Industry receives training to fight child sex tourism threat
September 8, 2014
Child sex tourism haunts many Southeast Asian states and while there are few signs of it yet in Myanmar there are fears that with tourism booming it is only a matter of time before sex tourists arrive.
One NGO, called The Code – short for the Code of Conduct for the Protection of Children from Sexual Exploitation in Travel and Tourism – held an explanatory forum at Yangon’s Sule Shangri-La in May to discuss the issue.
Officials from the Ministry of Hotel and Tourism, Myanmar Tourism Federation (MTF) and local tourism companies received training on how to spot one sign of likely abuse: hotel clients taking local children back to their rooms.
“They really aim to teach what child sex tourism is [and] how to protect children by giving training. For example, if the tourists come with a girl or boy under 18 the hotel staff can catch him,” said U Kyaw Min Htin, the federation’s joint secretary general.
Even in big cities like Yangon, few tourism operators are aware of the threat of child sex tourism, he said.
“Our country has a law for child sex crime. We can report suspected cases to the authorities if tourists come to the hotel with a child,” he added.
But the dangers are there, according to The Code. The group’s engagement and awareness manager, Patchareeboon Sakulpitakphon, told The Myanmar Times by email that The Code conducted an assessment in Yangon, Nay Pyi Taw, Bagan and Mandalay in 2013 that children linked to travel and tourism are at risk of sexual exploitation in Myanmar.
“Our message is that child protection is a part of responsible and sustainable tourism. We strongly believe that tourism development that invests in child protection now will in the long run protect both Myanmar’s children and [Myanmar] as a valuable family tourism destination,” she said.
Aside from training for industry representatives to head off child sex tourism, The Code also provides information on children’s rights to travellers and industry representatives, and encourage hoteliers and tour operators to state in their marketing that they’re taking steps to combat child sex tourism.
The criminal nature of child sex tourism makes it hard to monitor.
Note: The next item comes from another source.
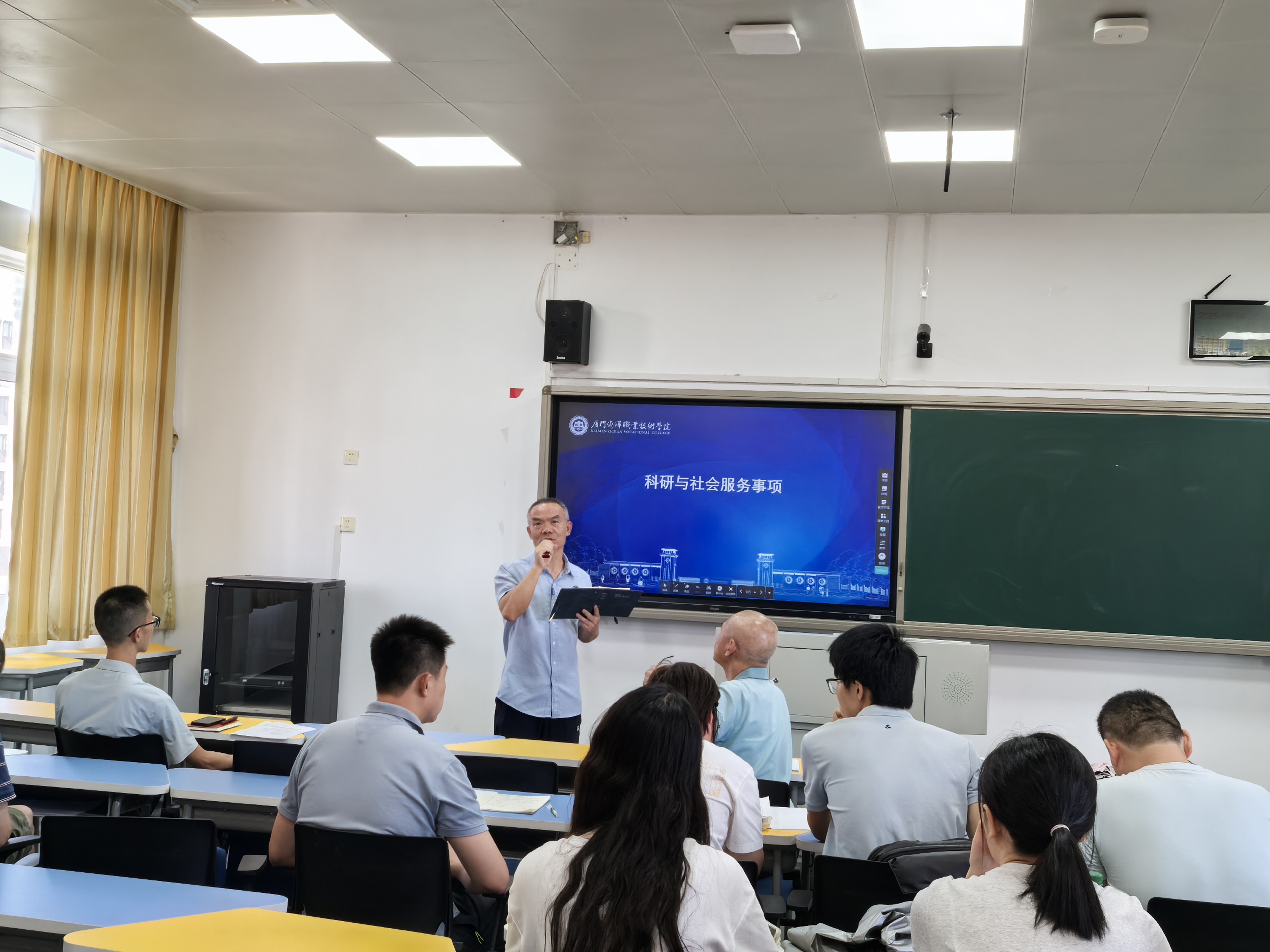 缪明聪重点部署强调了三项核心工作。一是数据采集工作,强调要高度重视,严格按照时间节点与数据标准完成教学、科研、管理等各类数据的采集与上报;二是科研项目申报工作,要求教职工结合学科优势与研究方向,积极申报各级各类科研项目;三是社会服务工作,强调要充分发挥学院专业优势,主动对接社会需求,通过技术服务、人才培训、合作共建等方式,深化产教融合,提升学院服务地方经济社会发展的能力,彰显学院社会价值。

Despite the lack of reliable statistics, several Southeast Asian countries, particularly Cambodia, are thought to attract significant numbers of child sex tourists.
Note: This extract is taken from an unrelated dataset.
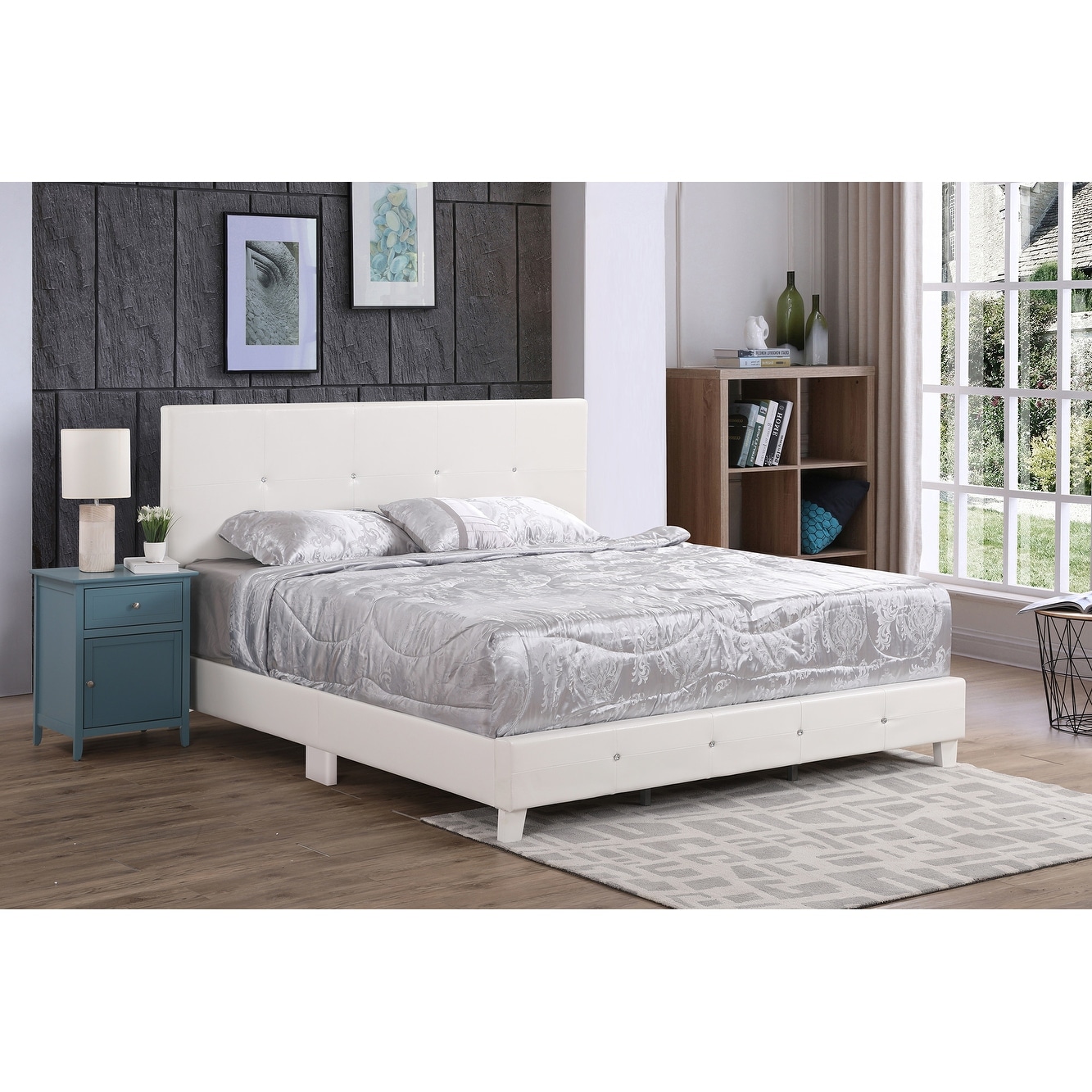 Queen Size Leather Upholstered Bed White

Myanmar has not yet developed a similar reputation but one tour operator who has worked in the industry for 17 years said it could happen if the industry and authorities are not vigilant.
U Nay Lin Htike said that the lack of knowledge about child sex tourism meant people in many areas of Myanmar may not realize that untoward behavior is taking place.
He described one case at Inle lake where a tourist took photos of boys bathing naked at Inle Lake and asked them to pose in different positions.
“Locals saw him [and thought] that it was a joke while he was taking photos of those boys. They don’t know why he took such photos,” he said. “Actually it is not a joke as they thought.”